Muchas veces, me pregunto para qué vivo. O qué hace que sigamos aquí, viendo pasar mierdas, sufriendo precariedades, o tragándonos mediocridades absurdas. Resulta que hay que sentirse muerta de amor, para tras el aplauso y el prendido de luces, ver la vida tal como es, cruda, zapateada, sincronizada y palpable. No con el pie, ni con el dedo, sino con el alma, ese que sólo existe, cuando algo bueno te roza, lo aprecias… y te emociona.

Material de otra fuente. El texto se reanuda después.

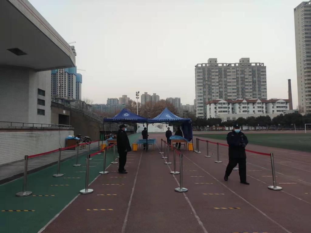 封閉大門、嚴格管控的同時,全力配合學校開展全員核酸檢測工作。抽調(diào)骨干隊員和門崗下班的保衛(wèi)干部繼續(xù)到核酸檢測現(xiàn)場執(zhí)行安保工作。開展核酸檢測通道設(shè)置、“一米線”粘貼、秩序維護等一系列工作,確保核酸檢測現(xiàn)場安全、有序。截止12月30日,已順利完成了我校第十輪核酸檢測安保任務(wù)。在核酸檢測點入口處,執(zhí)勤干部、隊員發(fā)現(xiàn)異常情況,及時報學校疫情防控辦進行處置。
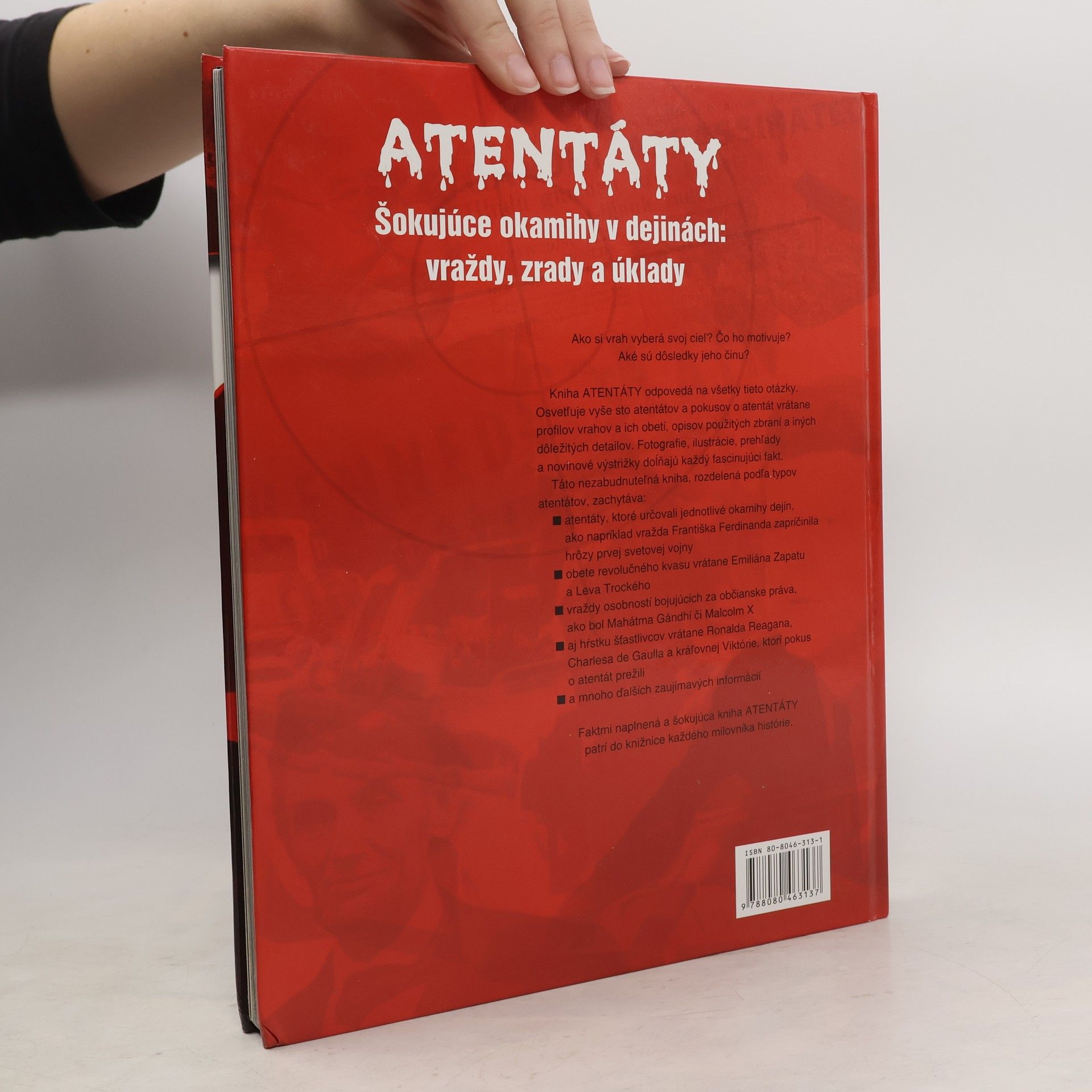 Táto faktami naplnená kniha patrí do knižnice každého milovníka histórie. Osvetľuje vyše sto atentátov a pokusov o atentát vrátane profilov vrahov a ich obetí, opisov použitých zbraní atď. Zachytáva atentáty, ktoré ovplyvnili chod dejín, ako napríklad vražda Františka Ferdinanda, obete revolúcií, vraždy ľudí bojujúcich za občianske práva, ako bol Mahátma Gándhí, aj šťastie tých, ktorí pokus o atentát prežili. Fotografie, ilustrácie, mapy a novinové výstrižky dopĺňajú každý fascinujúci fakt.

Creo que todo el que me ha rodeado hoy lo ha notado. Y supongo, también, que todo el que ha visto esta maravilla, lo ha sentido como propio, y a la vez, intransferible. Al menos, ahora sé por qué ese coro envuelto en la voz de Mara Rey, se traduce en que en la ficha técnica todos los artistas son tratados de don. Por respeto, y por el que gastan, para que todo lo que representan sobre ese fondo rojo, pueda ser real.
Al salir, habían asfaltado la carretera que cruza por delante de Casa Mediterráneo. Al fondo una tormenta, y el olor a petricor entonado con las gotas, guía las maletas de los artistas saliendo por la puerta. No puedo estar muerta, porque noto las gotas cayendo, las luces de los coches, mi mente ebullendo, mi cuerpo flotando y mis tacones aprendiendo a andar acompasadamente y haciendo ruido.
Esta vez, ni el telón, ni la gitana fuxia, ni el aplauso, ni el «curtain call» serán el final. De hecho, no hay muerte, ni por amor, ni por punto final, ni por nota que cierra la melodía, ni último zapateo, ni hostias. Porque tengo la certeza que como yo, hoy hay cientos de locos, y locas, versionando a Fred Aester bajo la lluvia. Algunos, ni siquiera han estado viendo este lujo impagable. Pero justamente ese, es el éxito de Fresca!: que el verano en Alicante, no sea más que una escena esperando que tú la guionices, la bailes, o te la bebas.
Al fondo: tormenta. Y a tu izquierda, la certeza de que el amor, ni siquiera hoy, y así, puede morirse.